Nitin Jain did not mince words on LinkedIn: "What a dirty company emergent.sh is. Dark patterns all around and zero support. I would strongly recommend against doing anything with this platform."
He is not alone.
Emergent Labs, an Indian AI startup that markets itself as a vibe coding platform where anyone can build apps starting at Rs.249, has been claiming revenue figures that have raised serious questions. The company announced $70 million in ARR. Around the same time, a Reddit user ran a social listening analysis across platforms and found something that did not add up.
If a company has millions of paying users, some of them talk about it online. That is how it works with every product that actually has traction — Lovable, Replit, Cursor, Perplexity. You search for them on X, on Reddit, and you find people discussing them, complaining about them, recommending them. The organic footprint is there.

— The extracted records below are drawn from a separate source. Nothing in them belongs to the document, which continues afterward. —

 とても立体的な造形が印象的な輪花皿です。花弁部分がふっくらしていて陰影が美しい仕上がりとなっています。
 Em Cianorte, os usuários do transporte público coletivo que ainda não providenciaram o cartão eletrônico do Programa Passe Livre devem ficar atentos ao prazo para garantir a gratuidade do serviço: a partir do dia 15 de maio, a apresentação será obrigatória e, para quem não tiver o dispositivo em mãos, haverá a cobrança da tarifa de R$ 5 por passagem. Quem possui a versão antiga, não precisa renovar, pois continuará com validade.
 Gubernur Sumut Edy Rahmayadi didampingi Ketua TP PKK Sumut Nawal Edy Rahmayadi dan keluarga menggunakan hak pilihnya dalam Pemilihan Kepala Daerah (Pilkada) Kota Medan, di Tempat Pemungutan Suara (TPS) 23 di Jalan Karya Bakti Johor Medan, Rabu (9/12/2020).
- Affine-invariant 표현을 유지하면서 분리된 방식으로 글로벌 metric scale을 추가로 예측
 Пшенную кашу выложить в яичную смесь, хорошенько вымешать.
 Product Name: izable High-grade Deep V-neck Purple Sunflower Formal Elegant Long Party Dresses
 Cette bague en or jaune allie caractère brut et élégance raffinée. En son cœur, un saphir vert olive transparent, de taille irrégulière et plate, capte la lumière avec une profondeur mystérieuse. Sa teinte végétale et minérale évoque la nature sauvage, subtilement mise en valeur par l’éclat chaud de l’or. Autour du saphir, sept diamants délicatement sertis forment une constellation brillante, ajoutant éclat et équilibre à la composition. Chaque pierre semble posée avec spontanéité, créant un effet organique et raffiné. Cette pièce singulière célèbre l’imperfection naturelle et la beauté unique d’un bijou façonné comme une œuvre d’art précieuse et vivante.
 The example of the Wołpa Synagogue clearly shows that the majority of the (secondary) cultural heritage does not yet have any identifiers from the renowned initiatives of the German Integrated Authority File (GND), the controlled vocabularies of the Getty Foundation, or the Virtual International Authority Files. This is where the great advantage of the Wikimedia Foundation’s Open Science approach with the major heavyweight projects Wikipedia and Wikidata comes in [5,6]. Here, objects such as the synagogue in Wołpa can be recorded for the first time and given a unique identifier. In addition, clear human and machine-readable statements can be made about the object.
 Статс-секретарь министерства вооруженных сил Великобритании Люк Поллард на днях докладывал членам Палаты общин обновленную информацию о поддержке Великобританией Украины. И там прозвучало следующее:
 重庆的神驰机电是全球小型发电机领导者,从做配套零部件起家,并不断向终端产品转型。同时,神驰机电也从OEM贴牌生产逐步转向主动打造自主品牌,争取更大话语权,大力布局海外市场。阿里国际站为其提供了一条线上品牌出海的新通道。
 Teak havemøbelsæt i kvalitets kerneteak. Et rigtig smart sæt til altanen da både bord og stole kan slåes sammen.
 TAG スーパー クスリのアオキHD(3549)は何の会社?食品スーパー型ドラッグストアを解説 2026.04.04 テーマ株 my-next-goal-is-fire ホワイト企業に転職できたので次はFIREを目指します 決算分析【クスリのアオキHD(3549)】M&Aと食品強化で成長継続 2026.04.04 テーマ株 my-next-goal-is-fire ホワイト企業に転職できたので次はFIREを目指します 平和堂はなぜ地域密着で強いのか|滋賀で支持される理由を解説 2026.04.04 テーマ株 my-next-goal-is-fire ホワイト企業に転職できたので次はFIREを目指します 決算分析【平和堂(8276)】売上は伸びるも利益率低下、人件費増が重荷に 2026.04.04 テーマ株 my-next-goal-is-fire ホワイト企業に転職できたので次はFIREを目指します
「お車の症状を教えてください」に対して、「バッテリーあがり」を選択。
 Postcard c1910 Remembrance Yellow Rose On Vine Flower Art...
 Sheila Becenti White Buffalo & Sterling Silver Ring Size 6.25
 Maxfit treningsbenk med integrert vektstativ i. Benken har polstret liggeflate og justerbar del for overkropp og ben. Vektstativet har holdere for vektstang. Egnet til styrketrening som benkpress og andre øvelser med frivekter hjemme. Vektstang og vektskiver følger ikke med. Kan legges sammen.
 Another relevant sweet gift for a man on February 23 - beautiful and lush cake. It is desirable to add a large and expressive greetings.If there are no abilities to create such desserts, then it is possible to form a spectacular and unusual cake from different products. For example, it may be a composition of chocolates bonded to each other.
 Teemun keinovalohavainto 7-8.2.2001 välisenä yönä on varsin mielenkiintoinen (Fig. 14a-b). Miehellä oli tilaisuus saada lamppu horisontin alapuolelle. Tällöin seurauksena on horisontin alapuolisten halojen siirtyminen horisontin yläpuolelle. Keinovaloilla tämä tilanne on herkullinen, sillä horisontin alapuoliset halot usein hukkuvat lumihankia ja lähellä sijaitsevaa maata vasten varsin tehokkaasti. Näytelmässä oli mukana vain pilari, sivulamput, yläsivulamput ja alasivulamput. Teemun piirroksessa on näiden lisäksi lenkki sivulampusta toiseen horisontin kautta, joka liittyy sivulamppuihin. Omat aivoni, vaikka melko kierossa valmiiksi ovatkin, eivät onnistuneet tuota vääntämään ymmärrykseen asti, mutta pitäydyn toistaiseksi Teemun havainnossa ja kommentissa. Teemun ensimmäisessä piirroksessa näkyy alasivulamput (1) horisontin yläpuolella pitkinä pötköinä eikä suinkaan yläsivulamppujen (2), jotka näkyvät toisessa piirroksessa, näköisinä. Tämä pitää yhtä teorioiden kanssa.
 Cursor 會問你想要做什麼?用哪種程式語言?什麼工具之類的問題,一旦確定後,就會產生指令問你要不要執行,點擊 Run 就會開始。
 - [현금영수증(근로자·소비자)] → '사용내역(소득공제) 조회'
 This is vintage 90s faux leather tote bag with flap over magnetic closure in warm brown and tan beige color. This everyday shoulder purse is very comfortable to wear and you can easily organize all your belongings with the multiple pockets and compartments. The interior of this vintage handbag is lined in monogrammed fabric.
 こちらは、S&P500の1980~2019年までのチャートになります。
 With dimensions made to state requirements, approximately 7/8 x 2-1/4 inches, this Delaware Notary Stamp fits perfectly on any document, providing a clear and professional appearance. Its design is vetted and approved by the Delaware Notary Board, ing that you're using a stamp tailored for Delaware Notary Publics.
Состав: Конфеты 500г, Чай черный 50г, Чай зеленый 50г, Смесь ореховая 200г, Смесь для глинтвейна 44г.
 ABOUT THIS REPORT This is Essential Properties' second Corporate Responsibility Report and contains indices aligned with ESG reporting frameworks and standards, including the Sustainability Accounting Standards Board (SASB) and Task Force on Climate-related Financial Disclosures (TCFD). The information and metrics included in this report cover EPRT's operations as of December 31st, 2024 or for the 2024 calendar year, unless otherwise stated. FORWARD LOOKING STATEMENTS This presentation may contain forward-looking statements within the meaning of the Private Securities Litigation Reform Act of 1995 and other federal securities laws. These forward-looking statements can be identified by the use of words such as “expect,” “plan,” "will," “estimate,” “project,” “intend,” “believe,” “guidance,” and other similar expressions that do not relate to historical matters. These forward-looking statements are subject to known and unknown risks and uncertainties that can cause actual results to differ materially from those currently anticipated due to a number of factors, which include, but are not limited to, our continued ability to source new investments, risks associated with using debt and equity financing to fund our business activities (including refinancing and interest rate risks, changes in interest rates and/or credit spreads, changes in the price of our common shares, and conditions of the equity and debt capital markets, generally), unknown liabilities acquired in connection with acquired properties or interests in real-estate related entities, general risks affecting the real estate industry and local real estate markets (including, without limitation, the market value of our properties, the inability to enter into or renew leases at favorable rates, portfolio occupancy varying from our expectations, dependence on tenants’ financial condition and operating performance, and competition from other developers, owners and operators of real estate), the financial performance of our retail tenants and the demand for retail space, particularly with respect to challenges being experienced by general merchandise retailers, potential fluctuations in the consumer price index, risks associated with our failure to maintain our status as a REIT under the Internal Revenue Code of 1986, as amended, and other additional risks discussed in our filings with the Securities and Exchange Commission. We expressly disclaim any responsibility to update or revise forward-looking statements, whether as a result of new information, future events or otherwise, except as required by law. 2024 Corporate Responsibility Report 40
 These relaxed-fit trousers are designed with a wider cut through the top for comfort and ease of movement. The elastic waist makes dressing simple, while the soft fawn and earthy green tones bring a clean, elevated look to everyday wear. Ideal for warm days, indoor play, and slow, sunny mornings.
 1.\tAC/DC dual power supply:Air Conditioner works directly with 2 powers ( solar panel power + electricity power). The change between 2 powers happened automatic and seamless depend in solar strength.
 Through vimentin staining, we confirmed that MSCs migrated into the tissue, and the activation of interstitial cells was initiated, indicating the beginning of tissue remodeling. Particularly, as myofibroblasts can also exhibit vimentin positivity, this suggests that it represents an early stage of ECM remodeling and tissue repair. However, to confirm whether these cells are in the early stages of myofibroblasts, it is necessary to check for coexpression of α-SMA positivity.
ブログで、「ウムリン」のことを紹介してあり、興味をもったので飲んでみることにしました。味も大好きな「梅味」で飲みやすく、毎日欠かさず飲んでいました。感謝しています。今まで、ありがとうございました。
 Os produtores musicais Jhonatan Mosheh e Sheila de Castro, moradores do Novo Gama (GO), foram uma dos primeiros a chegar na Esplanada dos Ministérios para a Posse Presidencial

With Emergent, it isn't. The brand mention count across social platforms was negligible compared to every competitor in the same category. The Reddit analyst summarised it plainly: if you have so many users who are paying, why aren't they talking about it?
The comments on that post filled in the blanks.
One user who actually used the product wrote: "Its shit. Their ad says start your next million dollar idea at Rs.249 but then deployment itself costs another 50 credits which is another expense. The credits get over so fast. Lovable has given a far better experience."
Another went further: "I have wasted thousands even after making my prompts by AI multiple times — mastering it and then stepping in — losing thousands. I want to save crores of all of you." They described the credit system as a trap: the entry price hooks you, the credits run out faster than expected, and every deployment stage costs more. Support, when contacted, reportedly told users the problem was their prompting, not the platform.
The CEO's track record came up too. His previous company, Dunzo, was paying 32 lakh base salary to new hires when the company's annual revenue was 18 lakhs. Dunzo later collapsed. Multiple commenters noted that pattern: heavy PR, aggressive fundraising, unsustainable unit economics, and eventually a quiet exit.
Emergent has since leaned hard into advertising — YouTube ads, LinkedIn posts, influencer partnerships. One commenter noted that heavy advertising from a startup is usually a signal of one of two things: a product that cannot grow organically, or something worse.
Nitin Jain's recommendation at the end of his post says it plainly: Claude Code direct works wonderfully well. The tools that actually work don't need to run ads telling you they work.
If you are considering Emergent for a project, read the reviews before you put money in. The credits system is designed to cost you more than the headline price suggests, the support is non-existent when things go wrong, and the revenue numbers the company is putting out do not match anything visible in the market.